- WHAT THE TASK REQUIRES -
Write out again the lines from the line with "Tuban,maspolin.id- Bupati Tuban, Aditya" up to and including the line with "A dreamy and", exactly as they stand below, and skip any picture.

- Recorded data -
——

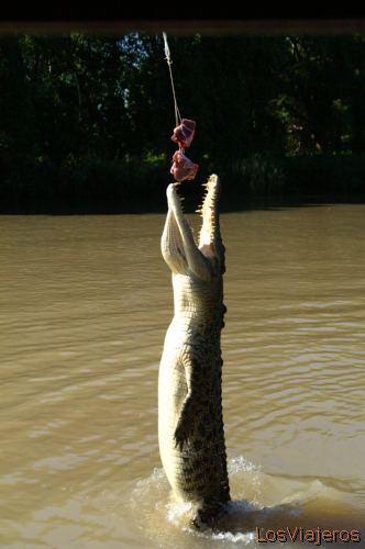 Cocodrilo saltando -Rio Adelaida- AustraliaCocodrilo saltando -Rio Adelaida- Australia: Impresionate salto de un cocodrilo para capturar un trozo de carne. Mas de 80.000 cocodrilos de aguas saladas viven en el Territrio del Norte, pese a ello es dificil verlos. Los rios y bahias de todo el Territorio estan señalizados con carteles avisando del peligro..
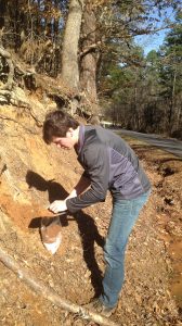 Varner takes a sand sample from the McNairy formation located in Mississippi and Tennessee. Submitted photo by Jennifer Gifford
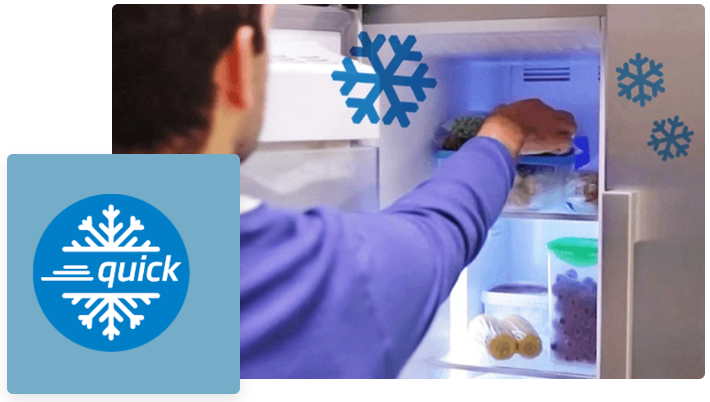 Заморожування щойно доданих продуктів здоровішим способом і без впливу на температуру продуктів, які раніше зберігалися.
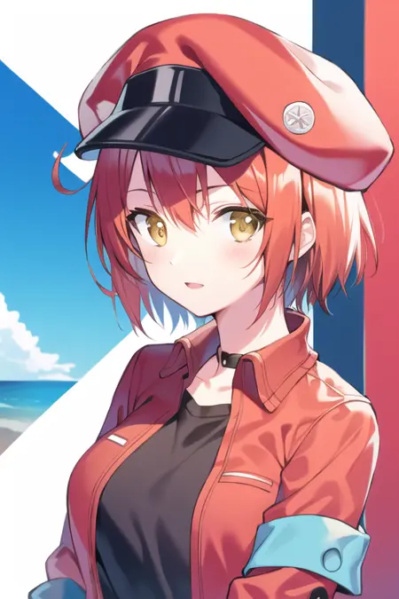 outfit:<빨간 재킷, 검은 속옷, 청바지 반바지, 검은 양말, 빨간 부츠, 캐비 헤드)>
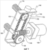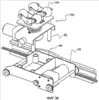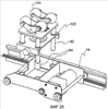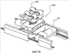 Как показано на фиг. 2 и фиг. 3, направляющий элемент 26, соответствующий варианту с желобчатым шкивом, включает шнур 28, пару шкивов 30 и электродвигатель 32 привода шкива, который приводит в действие один из шкивов 30. Шкивы 30 соединены шнуром 28 и, соответственно, установлены в передней концевой части 34 и в задней концевой части 36 несущей рамы 12. В предпочтительном варианте электродвигатель 32 привода шкива расположен так, что он соединен со шкивом 30, находящимся в задней концевой части 36 несущей рамы 12. В этой конструкции заданная часть 29 шнура 28 неподвижно прикреплена к ползуну 18 таким образом, что вращение шкива вызывает горизонтальное возвратно-поступательное движение ползуна 18. Предпочтительно шкивы 30 повернуты на 90 градусов относительно друг друга для облегчения горизонтального возвратно-поступательного движения ползуна 18 с улучшением управляемости возвратно-поступательного движения ползуна.
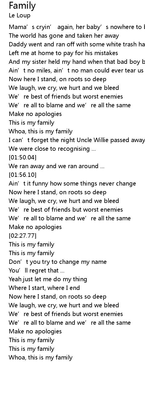 | [02:43.43] | This is my family |
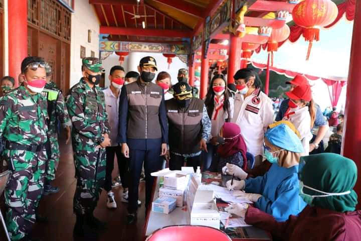 Tuban,maspolin.id- Bupati Tuban, Aditya Halindra Faridzky, SE, bersama Wabup H. Riyadi, SH., dan Dandim 0811/Tuban Letkol Inf Viliala Romadhon meninjau pelaksanaan vaksinasi dosis kedua dalam rangka Serbuan Vaksin Kodim 0811/Tuban di Klenteng Kwan Sing Bio, Tuban, Kamis (12/08/2021).
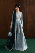 - Mercury grey printed velvet peplum with heavy embroidery on body and border. Full, fitted sleeves with embroidery and handwork.
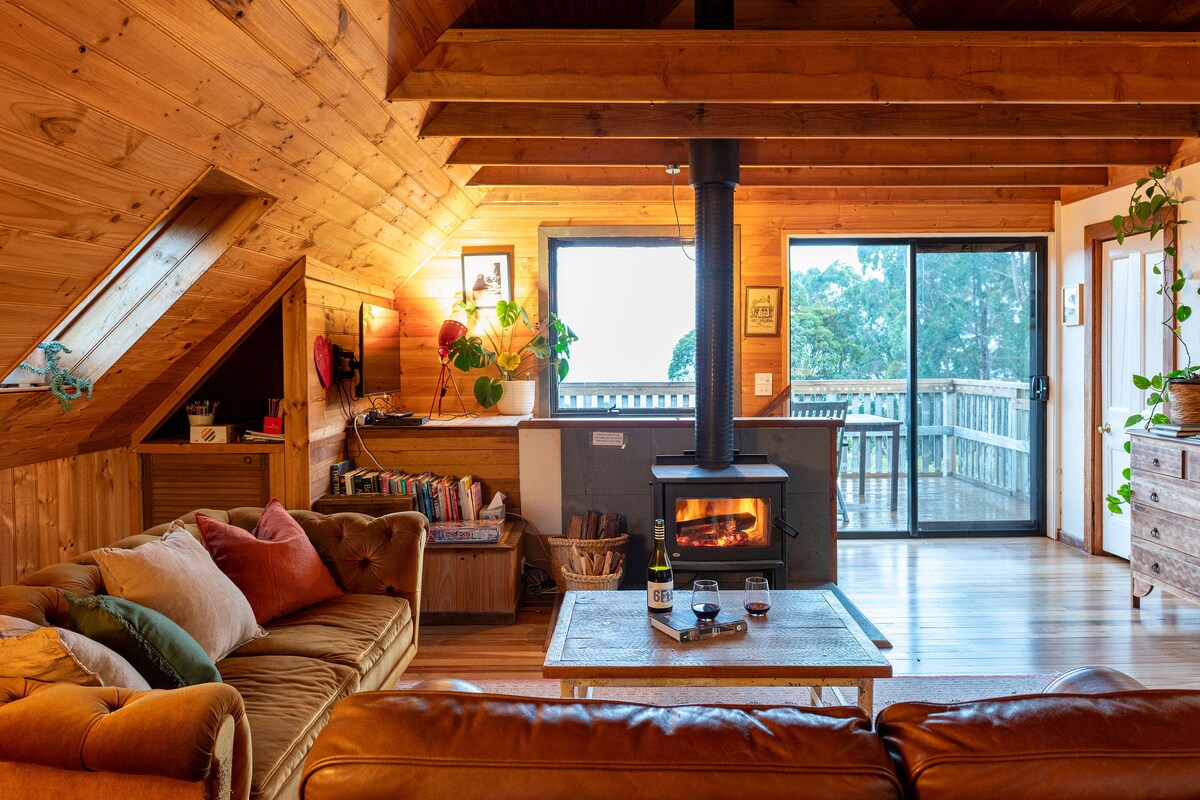 A dreamy and cozy space that’s a true cabin in the woods. Long Tide retreat is the most magical space to rest, reconnect & recharge. Set amongst lush, green open lawns and tall majestic rainforest, the barn is perched a few hundred metres above sea level, giving truly epic ocean views. There’s a calm energy from the open spaces and surrounding forest. A vast expanse of land, sea & sky merge with the earthy and warm tones of the cozy barn style house.
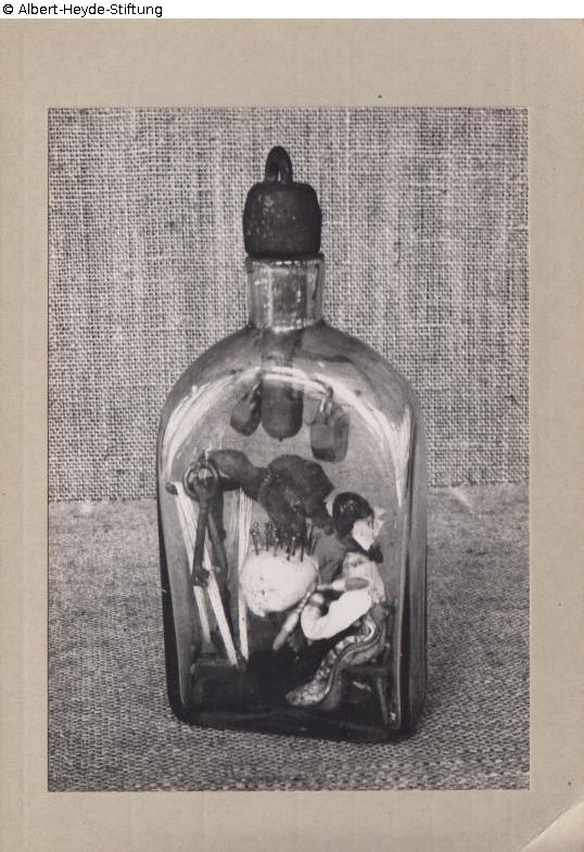Vierkantflasche aus dickwandigem, farblosem Glas mit rechteckigem Querschnitt, runder Schulter und kurzem Hals, "eingerichtet" mit Darstellung eines bärtigen Webers an seinem Webstuhl aus geschnitztem, polychrom gefasstem Holz und diversen anderen Materialien, augenscheinlich Garn, Stoff, Nägel und Schlüssel, einfacher geschnitzter Verschluss, der von innen an einem langen Zapfen mit zwei Schlössern verschlossen ist, die an einem Querbalken hängen. Derartige Erzeugnisse der Volkskunst, bei denen kunstvoll gestaltete Themendarstellungen irreversibel in eine Flasche eingebracht und verschlossen werden, bezeichnet man als "Eingericht" oder "Geduldsflaschen". Dieses ziemlich rustikale Beispiel datiert ins 19. Jahrhundert, seine Herkunft ist unklar, möglicherweise Sachsen. Den Proportionen nach zu urteilen ist es eher kleinformatig.
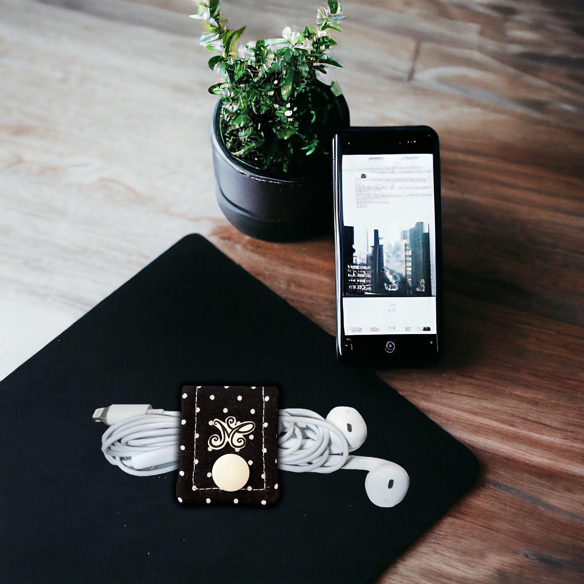 Ce lien en tissu coton décoratif, muni d'un bouton pression est une astuce pratique pour ranger les cordons de vos appareils tels que smartphones, tablettes et écouteurs.
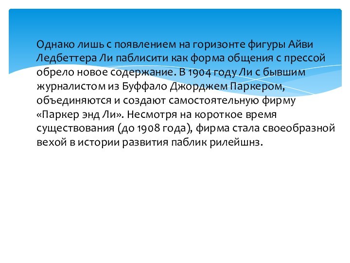 новое содержание. В 1904 году Ли с бывшим журналистом из Буффало Джорджем Паркером, объединяются и создают самостоятельную фирму «Паркер энд Ли». Несмотря на короткое время существования (до 1908 года), фирма стала своеобразной вехой в истории развития паблик рилейшнз.

——

- RESULT OF THE TASK -
 Tuban,maspolin.id- Bupati Tuban, Aditya Halindra Faridzky, SE, bersama Wabup H. Riyadi, SH., dan Dandim 0811/Tuban Letkol Inf Viliala Romadhon meninjau pelaksanaan vaksinasi dosis kedua dalam rangka Serbuan Vaksin Kodim 0811/Tuban di Klenteng Kwan Sing Bio, Tuban, Kamis (12/08/2021).
 - Mercury grey printed velvet peplum with heavy embroidery on body and border. Full, fitted sleeves with embroidery and handwork.
 A dreamy and cozy space that’s a true cabin in the woods. Long Tide retreat is the most magical space to rest, reconnect & recharge. Set amongst lush, green open lawns and tall majestic rainforest, the barn is perched a few hundred metres above sea level, giving truly epic ocean views. There’s a calm energy from the open spaces and surrounding forest. A vast expanse of land, sea & sky merge with the earthy and warm tones of the cozy barn style house.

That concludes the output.